Commenting on the Waste Confidence Decision

December 24, 2013 | 11:52 am
Dave Lochbaum
Former Contributor

In December 2010, the NRC issued a waste confidence rule with its determination that spent fuel could safely remain at nuclear power plant sites after reactors permanently shut down. This rule was necessary because the federal government has not provided a repository for disposal of spent fuel. The original waste confidence rule issued in 1984 determined that spent fuel could be safely stored onsite for three decades while a repository was sited, constructed, and opened.

The federal government’s first deadline for opening the repository was January 1998. As that deadline passed and it became clear that new deadlines were speculative, the NRC updated its waste confidence rule. The most recent version was issued in December 2010 and determined that spent fuel could be safety stored at plant sites for six decades after reactors permanently shut down.

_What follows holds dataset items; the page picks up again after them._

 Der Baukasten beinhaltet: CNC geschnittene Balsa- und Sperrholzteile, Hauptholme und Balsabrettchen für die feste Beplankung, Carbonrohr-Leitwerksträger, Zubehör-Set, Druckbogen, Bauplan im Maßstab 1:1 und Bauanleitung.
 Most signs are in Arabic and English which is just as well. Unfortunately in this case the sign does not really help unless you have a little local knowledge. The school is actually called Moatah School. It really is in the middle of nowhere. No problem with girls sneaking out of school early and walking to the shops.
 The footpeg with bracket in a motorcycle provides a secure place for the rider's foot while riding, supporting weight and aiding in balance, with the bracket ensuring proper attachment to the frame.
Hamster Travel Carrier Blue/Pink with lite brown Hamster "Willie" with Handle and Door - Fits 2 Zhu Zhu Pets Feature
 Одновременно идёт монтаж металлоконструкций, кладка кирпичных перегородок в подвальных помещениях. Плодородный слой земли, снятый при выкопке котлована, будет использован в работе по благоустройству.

Several entities, including the States of New York, New Jersey, Vermont, and Connecticut, and the National Resources Defense Council and Riverkeeper among a coalition of environmental organizations, legally challenged the NRC’s waste confidence decision. In June 2012, the United States Court of Appeals for the District of Columbia Circuit vacated the NRC’s waste confidence rule and remanded it back to the agency.

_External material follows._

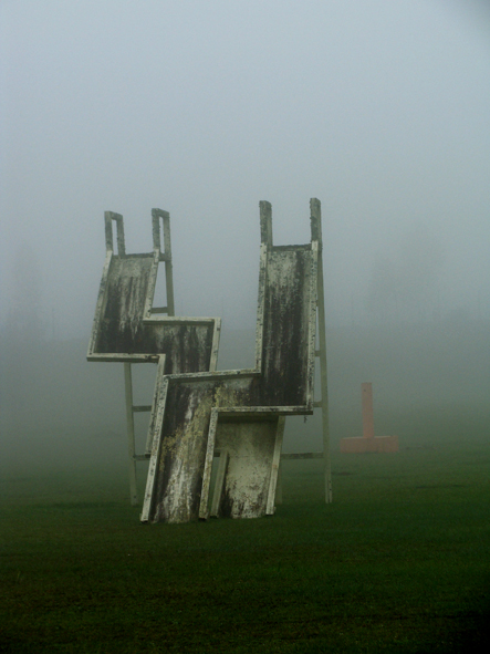 A minha contribuição para esta coletiva consiste em uma série de imagens fotográficas de uma instalação que o artista Felix Bressan realizou no Campus 8 da UCS de Caxias do Sul. Um brinquedo impossível – um escorregador em zigue-zague, a obra em espaço aberto fica entre o abandono e a persistência da arte, em frente ao prédio que abriga simplesmente os cursos de artes visuais, design, arquitetura, música e moda daquela cidade fabril (e natal, no meu caso) que pouco volta os olhos para a percepção artística. O momento fotografado é o espectro da cidade: a névoa e o frio fora de hora que impede não apenas a aproximação das pessoas até a escultura, mas também as impede de enxergá-la. Minha captação do trabalho alheio chama-se Gris, pelo clima e pela ruína ferrugenta e embolorada que é hoje aquela madeira e aço, e talvez também seja toda a “cadeia produtiva” da arte plástica produzida e gerenciada no sul do Brasil.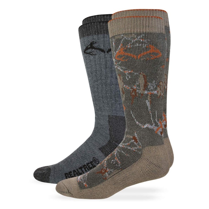 RealTree Mens Merino Wool Camo Cushion Outdoor Boot Socks 2 Pair Pack (L (10-13) - Shoe Size 9-13, Taupe Camo)

With the waste confidence rule vacated, the NRC cannot issue licenses for new reactor or relicense existing reactors.

NRC’s Next Steps

The NRC prepared a draft generic environmental impact statement under the National Environmental Protection Act seeking to address the shortcomings identified by the court. The final generic environmental impact statement would then be used by the NRC to support its issuance of another waste confidence rule.

The NRC examined three phases after reactors permanently shut down. During phase one, expected to last up to 60 years, the NRC considered that some irradiated fuel would continue to be stored in spent fuel pools at the site. During phase two, potentially lasting up to 100 years, the NRC considered that all irradiated fuel would be in dry storage at the sites until transferred to a federal repository. The third phase lasted indefinitely until a repository accepted the fuel.

The NRC published its draft generic environmental impact statement in the Federal Register for public comment. I prepared a declaration on behalf of a coalition of environmental organizations that was submitted on December 20, 2013, the closing date for the public comment period.

Public Comments

Materials submitted on behalf of the environmental groups was posted online here and here.

Background materials and comments submitted on the NRC’s draft generic environmental impact statement by all parties can be found online here by typing NRC-2012-0246 in the search box and clicking the blue Search link. To see the public comments submitted on the draft generic environmental impact statement, click the little box beside the Public Submission item under Document Type on the left side of the returned hit list. When I did this on December 23, 2013, the 22-hit list grew to 737 hits.

My declaration focused on leaks of radioactive water from spent fuel pools during the six decade period after reactors permanently shut down. The NRC had concluded that any leaks would be readily detected before the water migrated offsite to cause harm. My declaration pointed out that this has not been true in the past and becomes less likely to be true in the future because regulatory requirements and regulatory oversight shrink dramatically after reactors permanently shut down. The NRC falsely assumed that existing requirements and oversight remain as-is.

For example, the NRC ordered owners in March 2012 to install reliable instrumentation to monitor spent fuel pool water levels by year-end 2016. The owners of the Crystal River 3 and Kewaunee reactors that permanently shut down this year asked the NRC to rescind that requirement. The NRC approved the rescission for Crystal River 3 and is still considering it for Kewaunee. It’s hard to find water leaking from a spent fuel pool in Wisconsin using water level instrumentation sitting in a warehouse in Wichita.